_Data to use:_
════════════════════
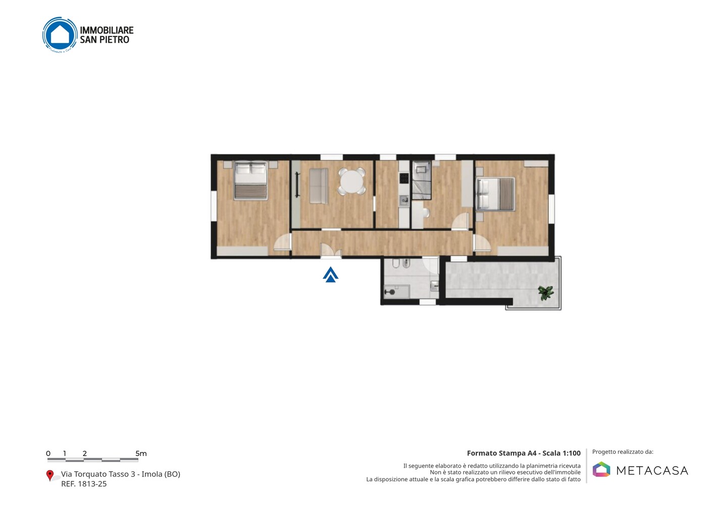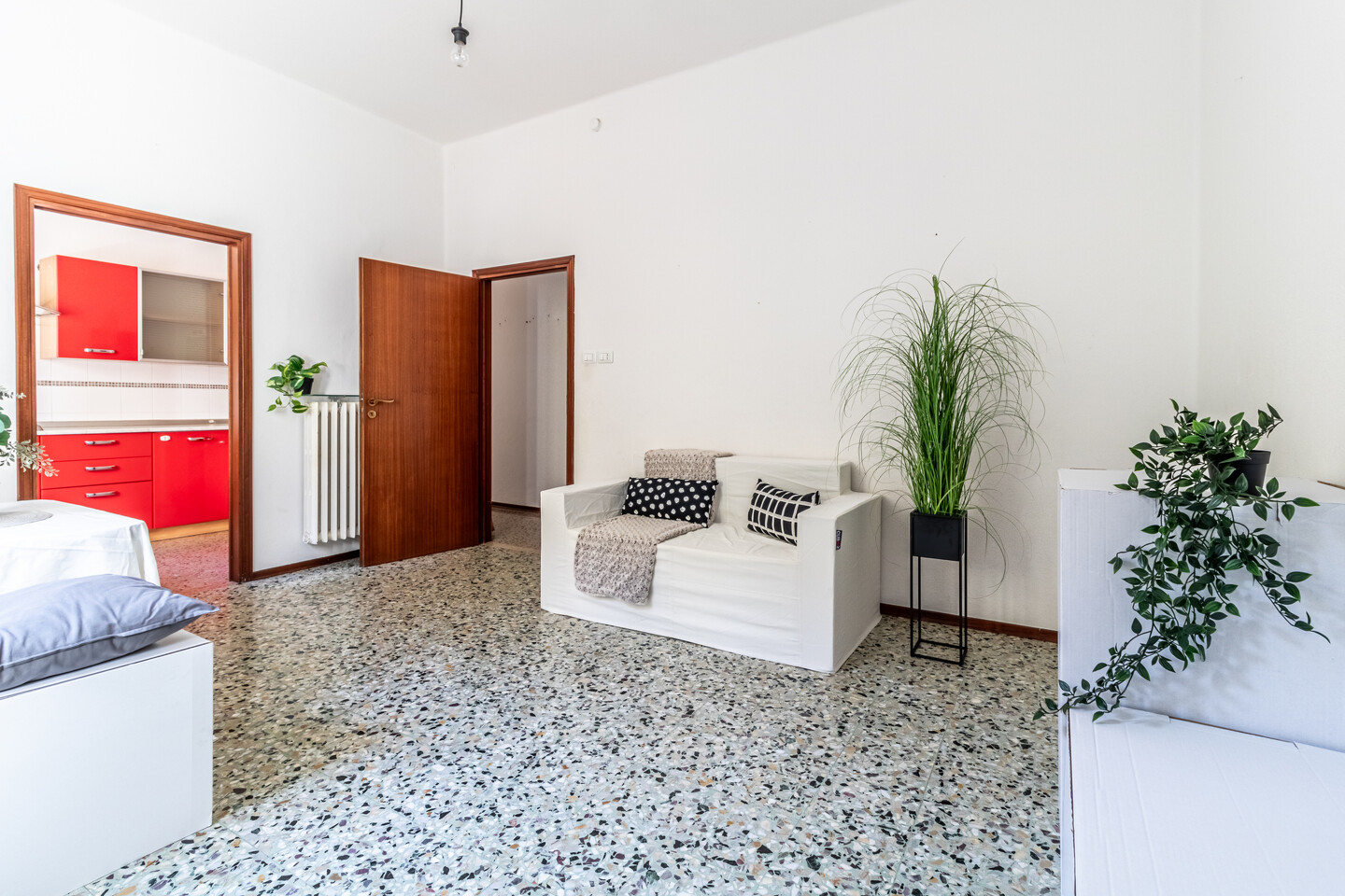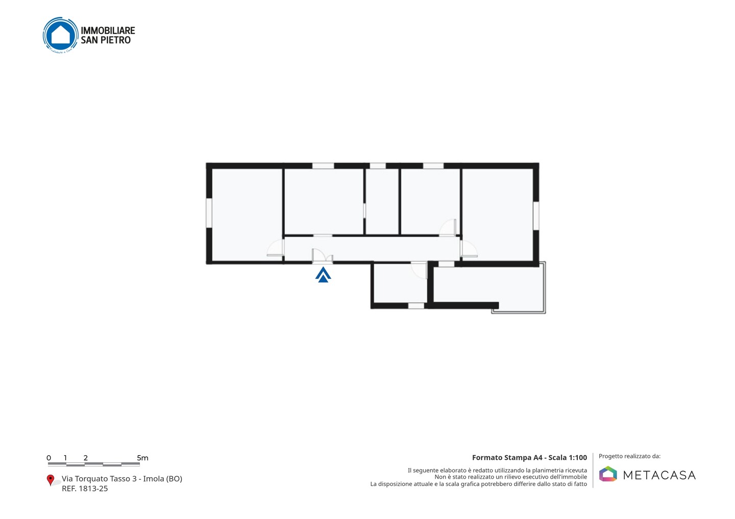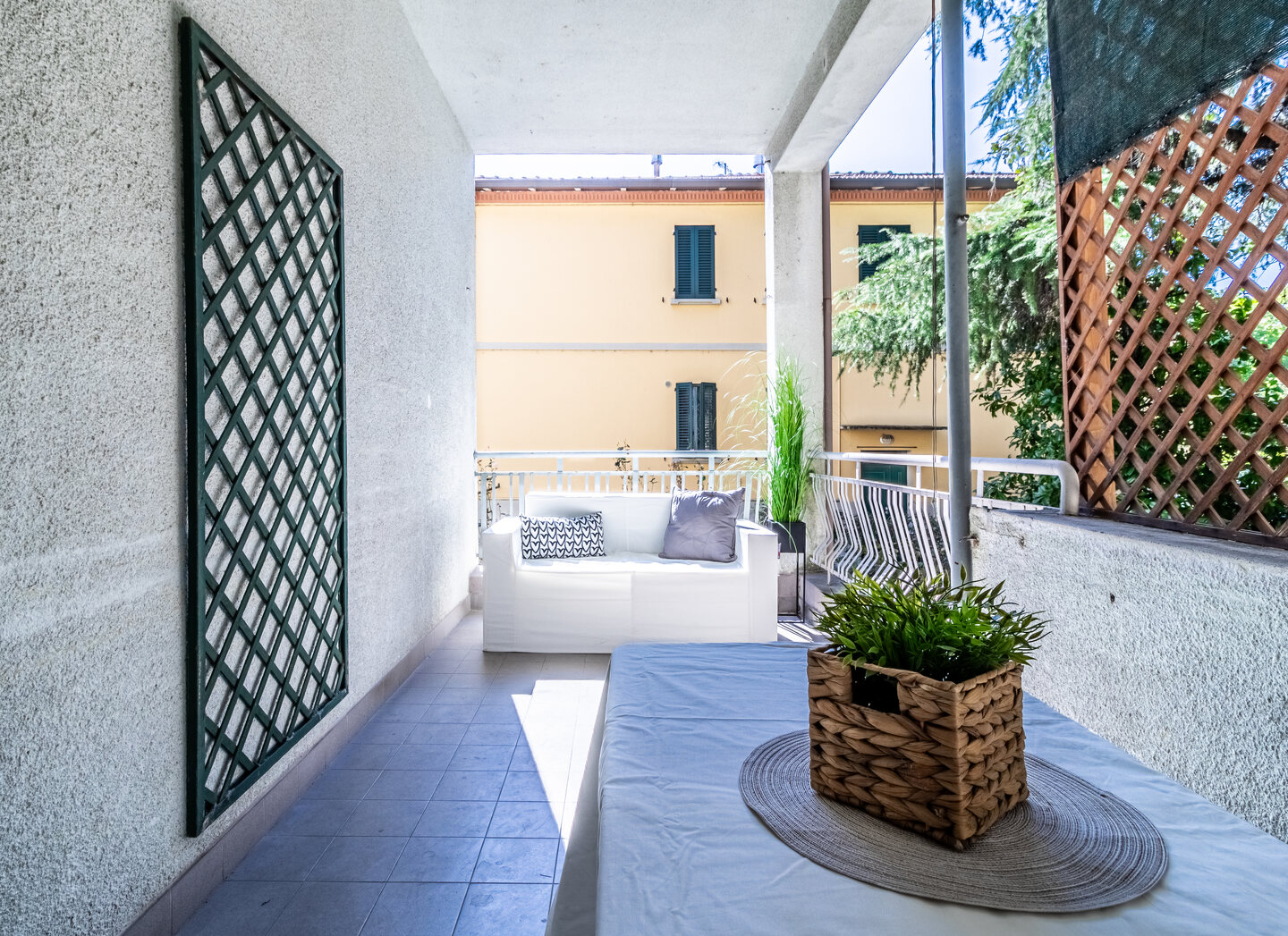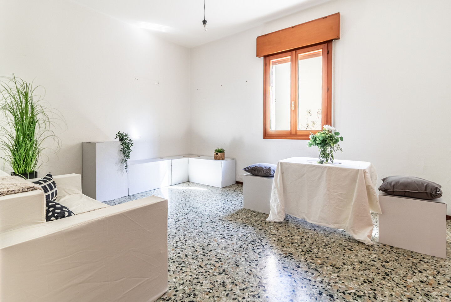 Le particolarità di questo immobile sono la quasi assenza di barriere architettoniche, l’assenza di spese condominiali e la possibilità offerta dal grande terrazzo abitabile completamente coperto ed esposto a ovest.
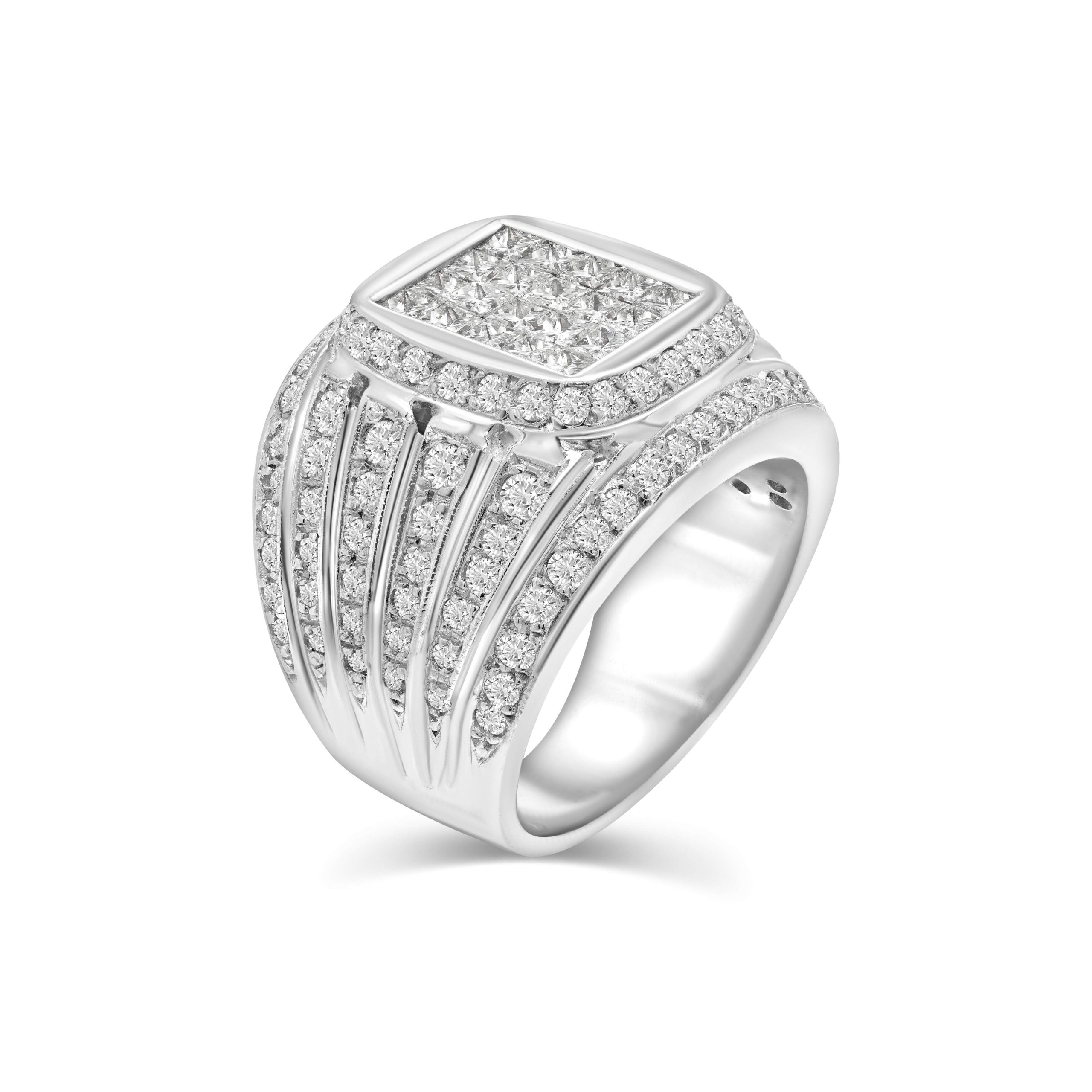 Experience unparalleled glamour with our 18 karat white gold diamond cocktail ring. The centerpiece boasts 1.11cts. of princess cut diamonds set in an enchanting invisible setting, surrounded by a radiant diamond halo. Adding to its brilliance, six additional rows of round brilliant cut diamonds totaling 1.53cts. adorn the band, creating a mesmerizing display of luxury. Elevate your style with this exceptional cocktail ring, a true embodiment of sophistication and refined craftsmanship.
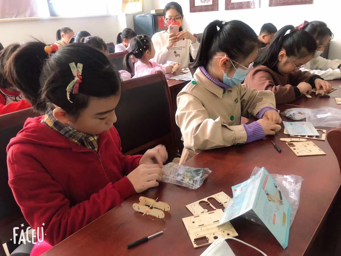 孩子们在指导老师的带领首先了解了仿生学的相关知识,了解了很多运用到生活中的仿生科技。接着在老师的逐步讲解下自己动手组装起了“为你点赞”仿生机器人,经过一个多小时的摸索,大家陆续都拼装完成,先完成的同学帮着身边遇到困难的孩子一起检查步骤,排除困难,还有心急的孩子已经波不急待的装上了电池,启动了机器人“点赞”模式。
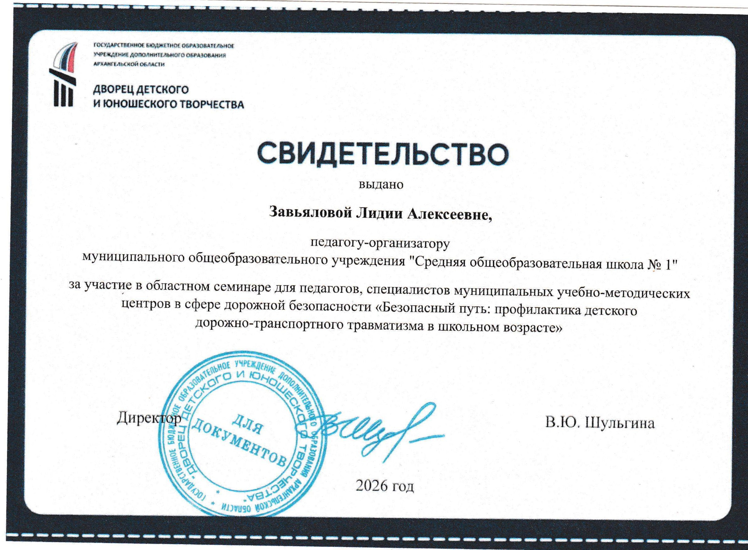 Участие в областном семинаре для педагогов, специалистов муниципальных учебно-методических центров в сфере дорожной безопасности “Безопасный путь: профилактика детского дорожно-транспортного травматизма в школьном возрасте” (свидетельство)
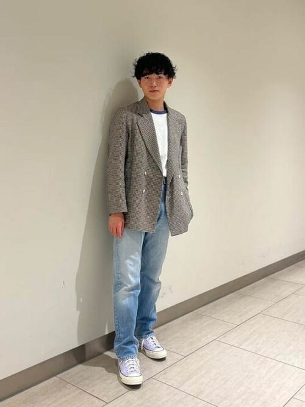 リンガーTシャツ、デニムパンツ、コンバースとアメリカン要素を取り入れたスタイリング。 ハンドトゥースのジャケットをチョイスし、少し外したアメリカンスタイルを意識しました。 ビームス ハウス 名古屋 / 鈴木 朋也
════════════════════
_Exercise description:_ From the first line to the last, retype the material exactly and exclude the pictures.

_Task response:_
 Le particolarità di questo immobile sono la quasi assenza di barriere architettoniche, l’assenza di spese condominiali e la possibilità offerta dal grande terrazzo abitabile completamente coperto ed esposto a ovest.
 Experience unparalleled glamour with our 18 karat white gold diamond cocktail ring. The centerpiece boasts 1.11cts. of princess cut diamonds set in an enchanting invisible setting, surrounded by a radiant diamond halo. Adding to its brilliance, six additional rows of round brilliant cut diamonds totaling 1.53cts. adorn the band, creating a mesmerizing display of luxury. Elevate your style with this exceptional cocktail ring, a true embodiment of sophistication and refined craftsmanship.
 孩子们在指导老师的带领首先了解了仿生学的相关知识,了解了很多运用到生活中的仿生科技。接着在老师的逐步讲解下自己动手组装起了“为你点赞”仿生机器人,经过一个多小时的摸索,大家陆续都拼装完成,先完成的同学帮着身边遇到困难的孩子一起检查步骤,排除困难,还有心急的孩子已经波不急待的装上了电池,启动了机器人“点赞”模式。
 Участие в областном семинаре для педагогов, специалистов муниципальных учебно-методических центров в сфере дорожной безопасности “Безопасный путь: профилактика детского дорожно-транспортного травматизма в школьном возрасте” (свидетельство)
 リンガーTシャツ、デニムパンツ、コンバースとアメリカン要素を取り入れたスタイリング。 ハンドトゥースのジャケットをチョイスし、少し外したアメリカンスタイルを意識しました。 ビームス ハウス 名古屋 / 鈴木 朋也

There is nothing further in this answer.